The Statis Group, an advisory for ICOs or Initial Coin Offerings, has recently published a report that claims that almost a whopping 80% of ICOs that we saw in 2017, were actually fake. The firm has reached this conclusion by studying the life cycles of the ICOs introduced in 2017.
However, a silver lining to this upsetting statistic is that although 80% of the total ICOs turned out to be scams, around 70% of the funding found healthy channels as the money went on to back higher quality projects. Around 4% of the ICOs turned into failures and 3% died out, which means that they were not listed by exchanges for trading for three consecutive months.
2017 had seen a total investment of $11.9 billion in coins and tokens and just about 11% of that went on to back ICOs that were actually scams, with large scam-projects like Arisebank, Pincoin and Savedroid receiving the bulk of this 11%. Smaller scam projects received almost negligible funding vis-à-vis the market as a whole. In the beginning of July, we had also come across a report from TechCrunch which revealed that over a thousand crypto firms and projects had perished by the end of June, 2018.

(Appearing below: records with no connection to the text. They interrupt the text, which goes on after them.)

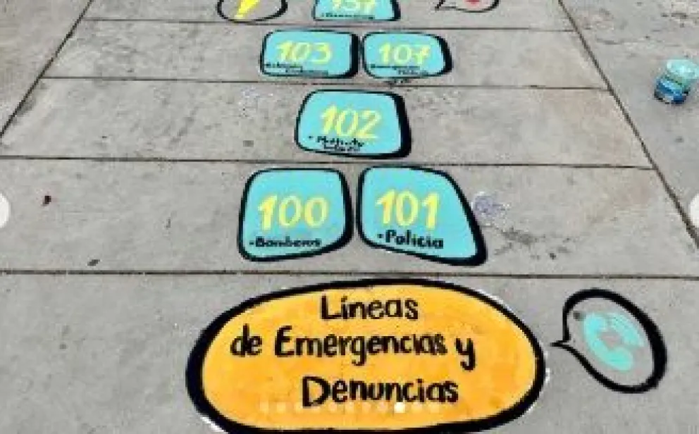 Uno de los ejes centrales del proyecto es la instalación de una nueva rayuela pintada en el suelo, que además de invitar a saltar y divertirse, incorpora datos clave de líneas de emergencia y denuncia.
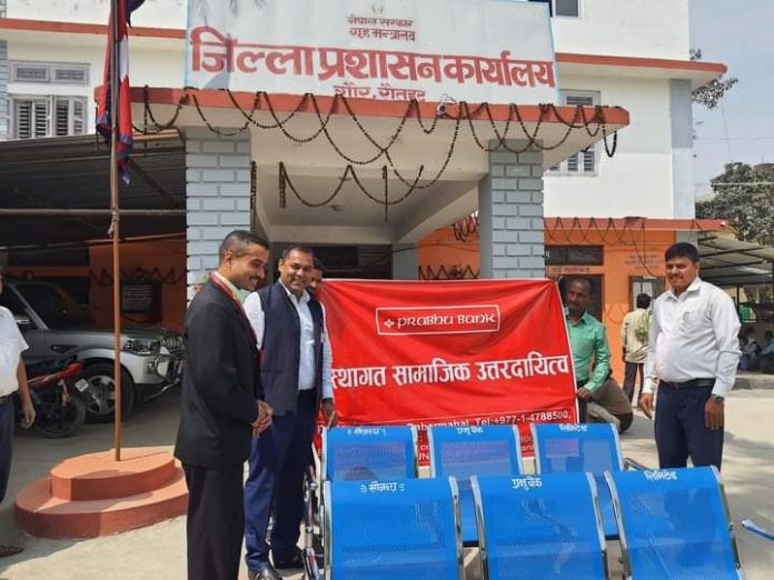 प्रभु बैंक गौर शाखा द्वारा जिल्ला प्रशासन कार्यालय गौरलाइ केहि फर्निचर सहयोग गरिएको हो । सेवाग्राहीलाई राम्रोसँग बस्नको लागि फलामको तीन वटा कुर्सी जोडिएको दुई थान संस्थागत सामाग्री दिइएको हो । आइतवार गौर शाखाका प्रबन्धक छवि रमन बरालले प्रमुख जिल्ला अधिकारी ईन्द्रदेव यादवलाई हस्तान्तरण गर्नु भएको थियो ।
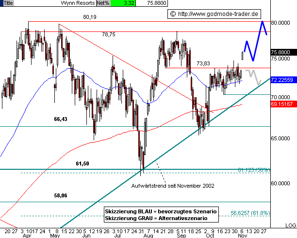 Kurz-Komme­ntierung: DieWYNN Aktie befindet sich seit November 2002 in einer intakten Aufwärtsbe­wegung. Im Oktober 2006 berührte die Aktie die Aufwärtstr­endlinie und prallte daran nach oben ab. Im 73,83er Bereich setzten Konsolidie­rungen ein. Mit dem heutigen Kursausbru­ch gelingt es der Aktie über den charttechn­ischen Widerstand­ bei 73,83 $ anzusteige­n. Die Aktie dürfte sich damit weiteres Aufwärtspo­tenzial bis 78,75 und 80,19 $ verschaffe­n. Kursstände­ unter 73,83 $ auf Tagesschlu­sskursbasi­s dürfte dieses generierte­ Potenzial negieren.
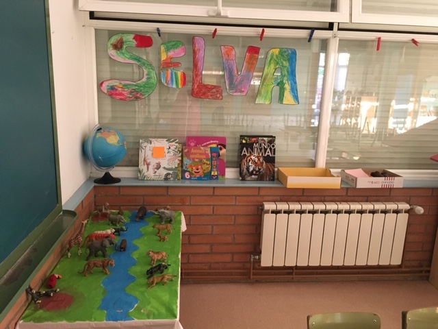 També han fet el mini-món de la selva, o com ells/es l’anomenen la petita selva, on entre tots hem decidit com fer-ho i pintar-ho i també on col·locar els animals de la selva, els ha servit per saber quins animals formen part de la selva i quins no.
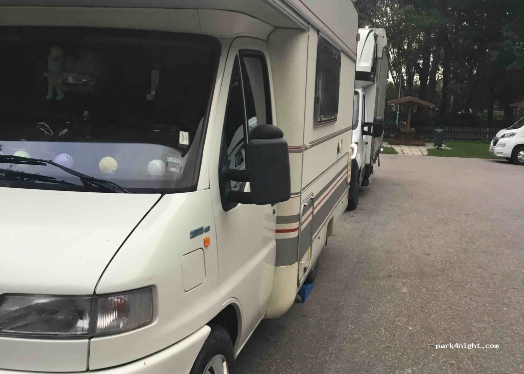 Wonderful little place. Public rest area with toilet (very clean), disposal for the toilet tank, less than 5 minutes from the motorway and yet very idyllic on a small lake. Toll-free! we could not find any evidence of an overnight stay ban ...
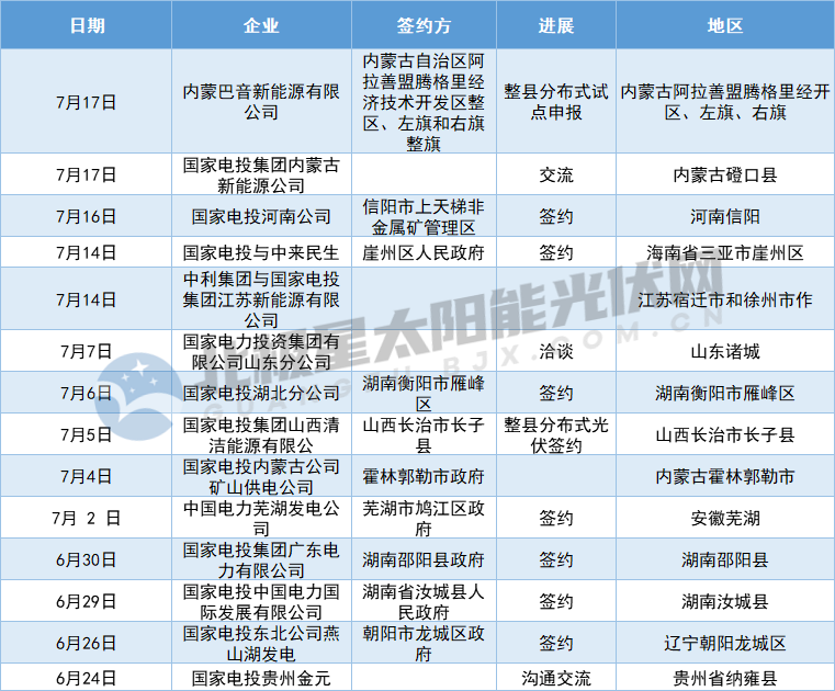 步入七月,國家電投更是連下數(shù)城,在內(nèi)蒙古霍林郭勒市、湖南衡陽市雁峰區(qū)、山東諸城、海南三亞崖州區(qū)、河南信陽以及內(nèi)蒙古阿拉善盟騰格里經(jīng)濟技術(shù)開發(fā)區(qū)整區(qū)、左旗和右旗整旗簽署了整縣分布式光伏開發(fā)協(xié)議,并計劃在內(nèi)蒙古磴口縣進行整縣分布式光伏開發(fā)。
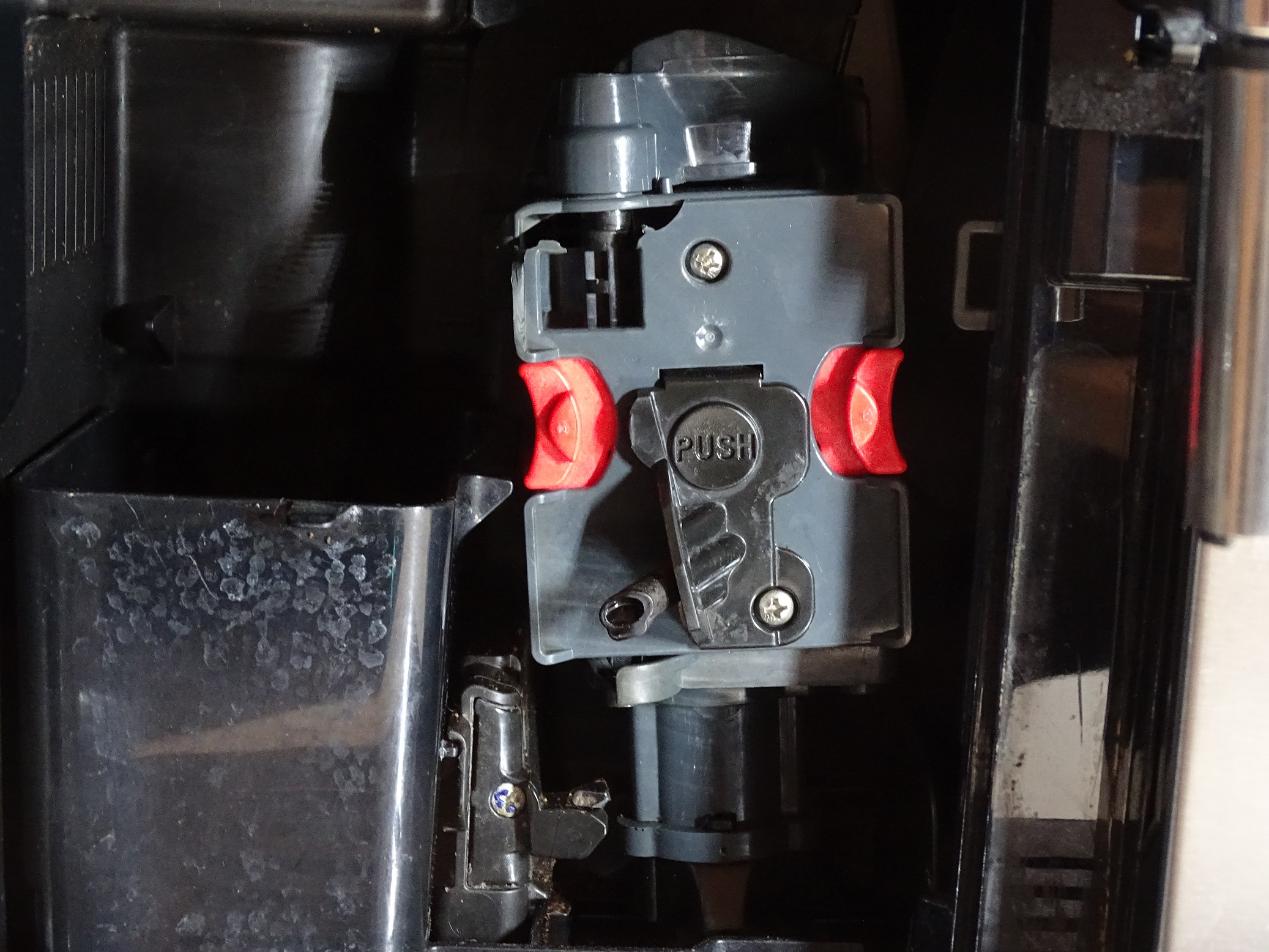 Ich öffnete die Frontklappe und erkannte dass die Einheit zu weit Runter gefahren ist, ich habe alle Kabel X mal überprüft ob sie richtig sind und alle Vorschläge die ich in Forum über endschalter und redschalter finden konnte nachgelesen. Da die Brüheinheit im Inneren sehr Verschmutzt war vermutete ich das dadurch der Obere endschater fast sitzt. Ich habe eine Neue Brüheinheit eingebaut dabei ist auch logischer weise der Endschalter Oben ersetzt worden.
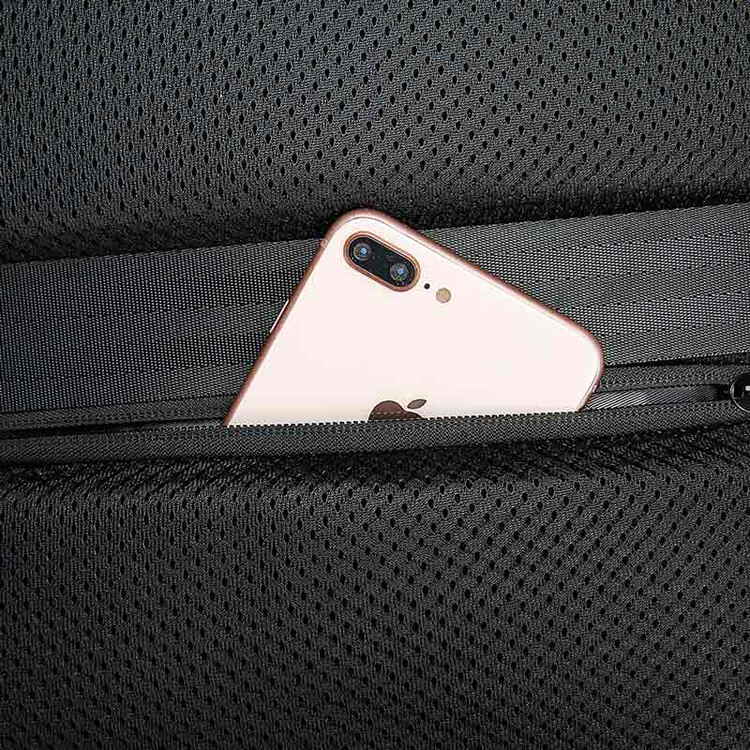 در قسمت کناری کوله یک پورت USB با درپوش محافظ قرار دارد که برای شارژ موبایل و سایر دستگاهها از طریق پاوربانک داخلی قابل استفاده است. فقط کافیست پاوربانک خود را داخل کوله متصل کرده و کابل شارژ را به درگاه بیرونی وصل نمایید.

These weren’t the only instances of bad times that seem to have gripped the digital currency scene. Cyber security firm Carbon Black has also pointed out the theft of a total value of approximately $1.1 billion in the first half of 2018 itself, with the dark web making it easier for cybercriminals to act. However, the picture is not entirely grim. PwC and the Swiss Crypto Valley Association have jointly announced that ICOs have seen burgeoning volumes between January and May 2018 and the values have already surpassed the total amount of 2017.